Казанову везло по службе не меньше Боба: в роте капитана Прохорова осталось мало рядового состава, а в других подразделениях батальона, напротив, не хватало офицеров. Поэтому он не реже двух раз в неделю назначался начальником караула то в батальоне, то в полку над сержантами и солдатами из разных подразделений.
А еще, в связи с подготовкой к зиме, с открытого всем ветрам и осадкам угольного склада при железнодорожной станции Лядзеданя топливо на грузовиках доставлялось в Тучензы к котельной полка и в свой батальон для печей в казармах, столовых и фанз, где жили семейные и холостые офицеры. При этом, согласно приказу по армии, в кабине рядом с шофером должен был восседать сопровождающим младший офицер. После таких непрерывных прогулок еще долго отхаркивалось каменноугольной слизью. Отмываться от дорожной и угольной пыли Антон по примеру офицеров-старожилов Квантуна привык из колоды при колодце ледяной водой. И раз в неделю – в солдатской гарнизонной бане полка или батальона, где, в установленном традиционном порядке, мылись супружницы и дети женатиков.
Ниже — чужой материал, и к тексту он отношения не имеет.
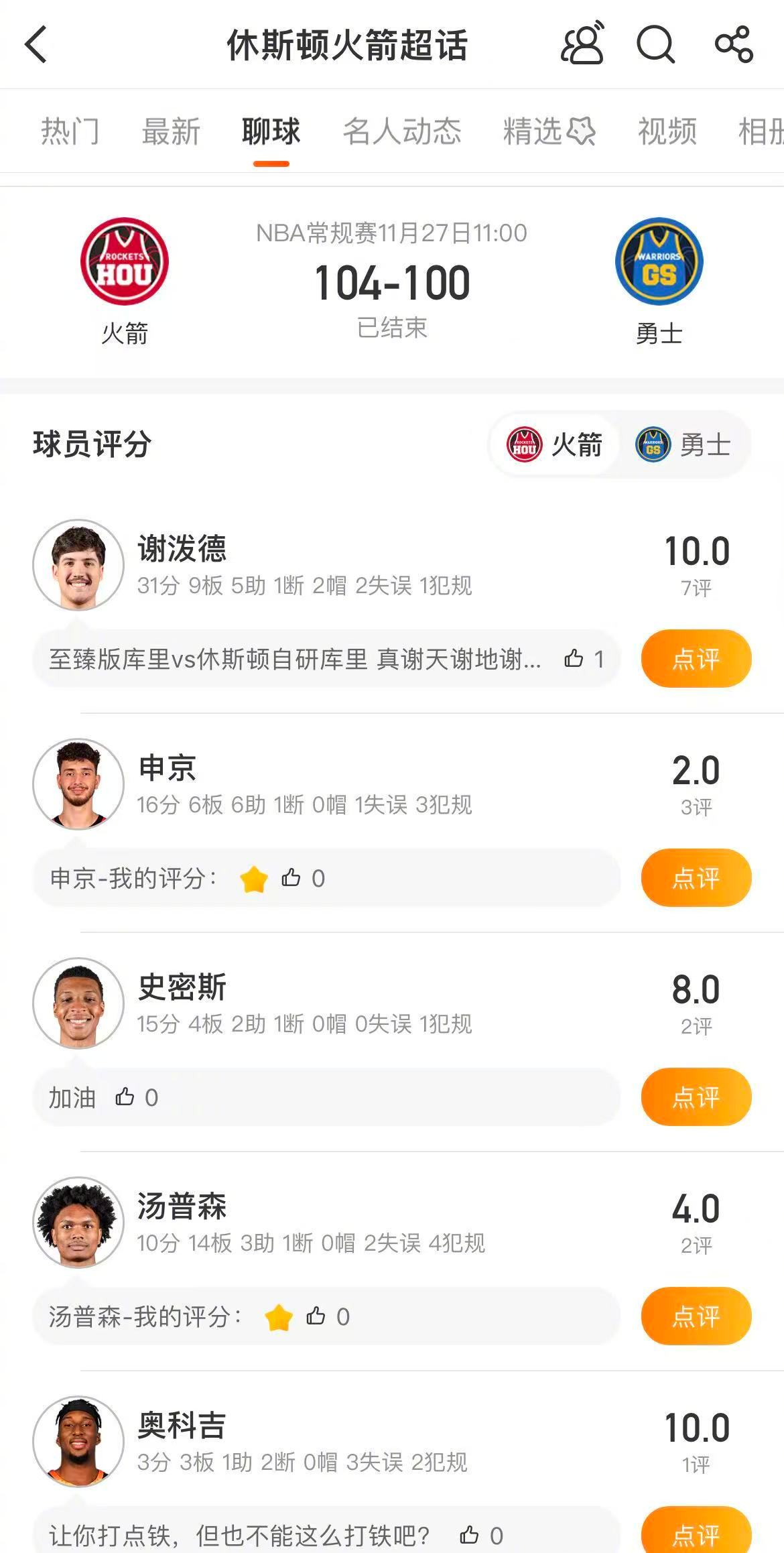 勇士不敌残阵火箭火箭战胜勇士 火箭104-100战胜勇士。杜兰特缺阵,谢泼德得分新高31分,申京16分。勇士方面,库里14分,最后一节还有35秒时退场。巴特勒21分5篮板5助攻,理查德18分。谢泼德31分库里状态进入球队超话休斯顿火箭 和金州勇士 为球员今天的表现评分吧! 火箭vs勇士

В Лядзедане находились еще и дивизионные продуктовые склады. В них вагонами завозили в основном картошку, квашеную и вилковую капусту, свеклу, морковь, лук. Разгрузка вагонов, доставка грузов на склады и их укладка в овощехранилища, выкопанные в земле и покрытые земляными буграми, тоже проводилась круглые сутки и в выходные, и в праздничные дни круглосуточно под приглядом офицеров.
В этой карусели трудовых вахт Казанову долго не удавалось вернуть Любе восстановленную Сухом пластинку с песнями арестованного и расстрелянного энкавэдешниками соловья российской эмиграции Пети Лещенко. За то, что в Бухаресте он в своем ресторане поднимал дух офицерам рейха во время Второй мировой войны. А несознательные советские люди продолжали заслушиваться и даже петь, подобно Казанову, его «Татьяну», «Сашку», «Чубчик кучерявый», «Миранду». И особенно – «Здесь, под небом чужим, я, как гость не желанный, слышу крик журавлей, улетающих вдаль…» В Россию…
***
Но, как писалось в несовременных романах, провидению было угодно направить Казанова в некое китайское селение вблизи Дальнего, приютившее за околицей артиллерийские склады. Сначала, возможно, японские, а после поражения милитаристов – советские. Глянь, через десять лет наши бризантные, кумулятивные, бронебойные, фугасные, осколочные, боевые и холостые снаряды разных калибров, ящики со взрывателями и детонаторами, по сговору между Мао и Хрущёвым, пожелали вернуться на свою родину вместе с армией-победительницей.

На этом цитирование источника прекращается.